Global crude oil prices surged on Wednesday following reports that Israel may be preparing to launch military strikes on Iranian nuclear facilities, triggering renewed concerns about potential supply disruptions across the Middle East.
Brent crude oil, against which Nigerian oil is priced, advanced by 79 cents or 1.2% to $66.17 per barrel as of 11:18 a.m. in Nigeria while U.S. West Texas Intermediate (WTI) crude rose by 82 cents or 1.3% to settle at $62.85.
The price rally was driven by heightened geopolitical risk and fears that any escalation between Israel and Iran could threaten oil output and transit routes vital to global energy flows.
According to a CNN report citing multiple U.S. intelligence sources, Israeli officials are assessing options to strike Iranian nuclear sites. While a final decision has not been confirmed, the prospect of a targeted military operation has intensified investor concerns over regional stability.
ING commodity strategists stated that “such an escalation would not only put Iranian supply at risk, but also affect crude flows from large parts of the broader region.”
Iran currently exports over 1.5 million barrels per day (bpd) and ranks as the third-largest producer within the Organization of the Petroleum Exporting Countries (OPEC).
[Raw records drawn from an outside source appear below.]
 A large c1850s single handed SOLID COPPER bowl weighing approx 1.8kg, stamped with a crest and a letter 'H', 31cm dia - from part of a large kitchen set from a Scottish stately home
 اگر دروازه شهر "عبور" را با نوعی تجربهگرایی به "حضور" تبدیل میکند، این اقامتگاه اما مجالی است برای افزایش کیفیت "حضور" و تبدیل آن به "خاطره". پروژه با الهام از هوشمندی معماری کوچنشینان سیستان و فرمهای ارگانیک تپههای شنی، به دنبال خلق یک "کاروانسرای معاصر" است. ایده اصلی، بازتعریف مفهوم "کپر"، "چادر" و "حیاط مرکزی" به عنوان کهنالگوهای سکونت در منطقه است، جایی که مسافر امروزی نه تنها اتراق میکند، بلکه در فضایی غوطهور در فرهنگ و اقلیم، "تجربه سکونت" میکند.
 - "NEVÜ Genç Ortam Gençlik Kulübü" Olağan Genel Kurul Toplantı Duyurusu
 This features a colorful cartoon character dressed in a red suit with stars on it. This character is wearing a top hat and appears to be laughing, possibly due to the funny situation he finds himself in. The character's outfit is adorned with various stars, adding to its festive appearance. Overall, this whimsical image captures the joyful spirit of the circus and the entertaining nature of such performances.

UBS analyst Giovanni Staunovo noted that the market’s reaction reflects expectations that any disruption to Iran’s crude output or retaliation targeting the Strait of Hormuz could have material implications for global supply.
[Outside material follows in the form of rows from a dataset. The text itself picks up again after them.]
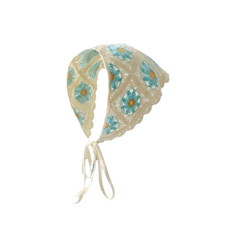 2個セットバンダナ レディース 春夏 ニット バンダナキャップ 三角巾 日焼け対策 紫外線対策 ブルーグリーン系・性別: 女性・素材: ニット・柄: 格子柄・スタイル: 韓国・流行要素: 動物.柄.リボン.蝶・カラー: 針織蝶三角巾 青緑.針織五弁花三角巾 カラー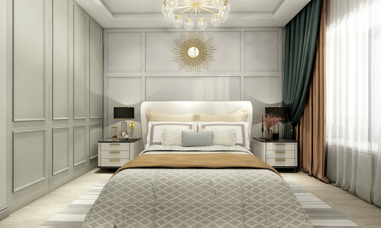 美式輕奢的風(fēng)格,護(hù)墻板的獨(dú)特設(shè)計(jì)搭配輕奢高床,簡約不失時(shí)尚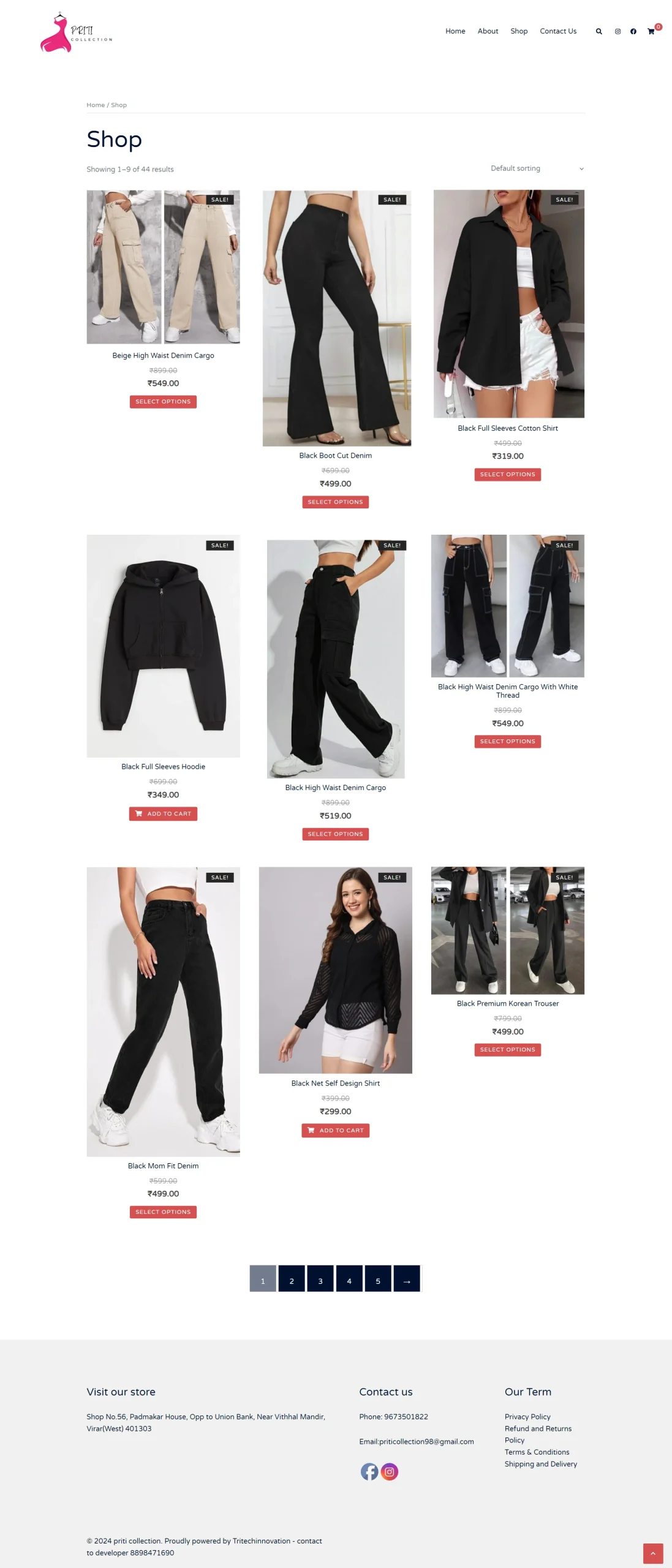 Priti Collection, a well-known clothing shop in Virar, Maharashtra, faced a major limitation with its offline-only retail presence. Customers increasingly preferred online shopping due to convenience and wider accessibility, but the brand had no digital platform to showcase or sell its products. This restricted their reach, reduced potential sales opportunities, and limited their ability to compete with other online-first clothing retailers.

The Strait of Hormuz, a critical chokepoint through which approximately 20% of global oil passes, is a strategic transit route for Saudi Arabia, Iraq, Kuwait and the United Arab Emirates.
Any obstruction in this corridor would likely result in price volatility and logistical constraints across international markets.
Meanwhile, diplomatic efforts between the United States and Iran over Tehran’s nuclear program remain stalled. Recent public statements from both Washington and Iranian Supreme Leader Ayatollah Ali Khamenei suggest limited progress and growing skepticism around the possibility of a resolution.
In parallel, American Petroleum Institute (API) data released late Tuesday indicated a rise in U.S. crude stockpiles last week, while gasoline and distillate inventories declined. Official figures from the U.S. Energy Information Administration (EIA) are expected to provide further insight into domestic inventory dynamics later on Wednesday.
Despite rising prices, production from some non-OPEC producers has remained resilient. Kazakhstan’s oil output reportedly increased by 2% in May, according to an industry source, signaling continued divergence from OPEC+ output restraint targets.
Market analysts expect geopolitical risk premiums to remain elevated in the short term as participants monitor developments in the Middle East.
Investors are also likely to factor in central bank policies, U.S. economic data, and global demand indicators in shaping crude price forecasts.
With volatility on the rise, the oil market continues to reflect the delicate balance between physical supply fundamentals and escalating geopolitical risk factors.